I want to tell you about a call that had nothing to do with HVAC and everything to do with what you do when the work stops being the point.

I was there for a capacitor replacement. In and out, hour at most. She was in her early sixties. House was quiet in the way that some houses are quiet , not empty, but still. The kind of still that settles into a place over time.

She showed me to the outdoor unit and I got to work. She stood back, the way most people do when they've decided I'm trustworthy enough to be in the yard alone. I could see her through the glass door every so often, moving around the kitchen.

I came inside to check the return air temperature and she was at the sink. She'd been crying. She wasn't hiding it , not exactly , but she wasn't announcing it either. Her eyes were red and she had that particular quality of composure that comes from deciding you're going to hold it together for the next few minutes.

She said: sorry. I'm having a day.

I've been in people's houses for forty-five years. I've seen a lot of what people's lives actually look like when nobody's performing anything.

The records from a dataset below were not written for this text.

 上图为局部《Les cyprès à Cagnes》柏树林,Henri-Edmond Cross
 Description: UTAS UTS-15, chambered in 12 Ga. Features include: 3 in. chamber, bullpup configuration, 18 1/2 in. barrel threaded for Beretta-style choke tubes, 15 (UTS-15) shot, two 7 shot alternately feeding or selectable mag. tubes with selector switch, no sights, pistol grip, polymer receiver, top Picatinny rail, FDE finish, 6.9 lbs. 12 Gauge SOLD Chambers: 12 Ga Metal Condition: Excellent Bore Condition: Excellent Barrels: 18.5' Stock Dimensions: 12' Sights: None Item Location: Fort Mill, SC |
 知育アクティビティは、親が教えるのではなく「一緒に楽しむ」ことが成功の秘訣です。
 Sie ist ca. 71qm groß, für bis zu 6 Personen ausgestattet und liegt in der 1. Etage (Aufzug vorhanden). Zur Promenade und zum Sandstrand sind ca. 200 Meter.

You walk in during the middle of a bad stretch. You show up on a Tuesday afternoon when something is happening or has happened and the house holds it in the walls and the air and sometimes in the person who lets you in.

I don't have a protocol for this. I'm not a therapist. I'm there for a capacitor.

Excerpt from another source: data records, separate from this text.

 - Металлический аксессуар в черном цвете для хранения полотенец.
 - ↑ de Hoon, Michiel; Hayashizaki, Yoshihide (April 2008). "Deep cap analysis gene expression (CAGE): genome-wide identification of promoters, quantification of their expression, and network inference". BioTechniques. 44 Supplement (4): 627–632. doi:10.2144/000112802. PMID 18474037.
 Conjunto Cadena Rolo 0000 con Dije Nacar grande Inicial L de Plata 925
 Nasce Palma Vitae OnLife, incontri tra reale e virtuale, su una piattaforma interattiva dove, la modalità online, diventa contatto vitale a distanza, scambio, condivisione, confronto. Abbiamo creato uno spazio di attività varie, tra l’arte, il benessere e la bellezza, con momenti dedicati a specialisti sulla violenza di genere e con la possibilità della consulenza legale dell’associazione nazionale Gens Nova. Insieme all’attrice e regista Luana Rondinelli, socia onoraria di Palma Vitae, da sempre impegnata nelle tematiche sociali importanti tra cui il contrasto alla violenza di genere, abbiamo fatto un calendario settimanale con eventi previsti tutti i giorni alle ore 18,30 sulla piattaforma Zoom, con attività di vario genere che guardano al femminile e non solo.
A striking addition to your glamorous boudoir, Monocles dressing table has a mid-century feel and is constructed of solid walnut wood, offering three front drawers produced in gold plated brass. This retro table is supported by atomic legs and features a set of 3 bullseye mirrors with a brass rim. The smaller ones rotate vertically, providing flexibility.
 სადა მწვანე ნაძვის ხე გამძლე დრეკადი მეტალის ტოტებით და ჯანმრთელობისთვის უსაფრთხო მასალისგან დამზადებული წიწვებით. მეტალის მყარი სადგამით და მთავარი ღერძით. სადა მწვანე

What I've figured out over time is that there's usually one question to answer: does this person need to say something, or do they need the world to keep being ordinary for a few minutes?

Elaine Hatfield's research on emotional contagion documented something that explains a piece of what happens in these moments. We synchronize with the people around us. Not deliberately. Automatically. Facial expressions, posture, voice , the nervous system mirrors the emotional state of whoever it's in proximity to. It happens faster than thought. The result is that being around someone in distress creates real, physiological distress in the person nearby. Not imaginary. Not just empathy as an idea. Actual nervous system response.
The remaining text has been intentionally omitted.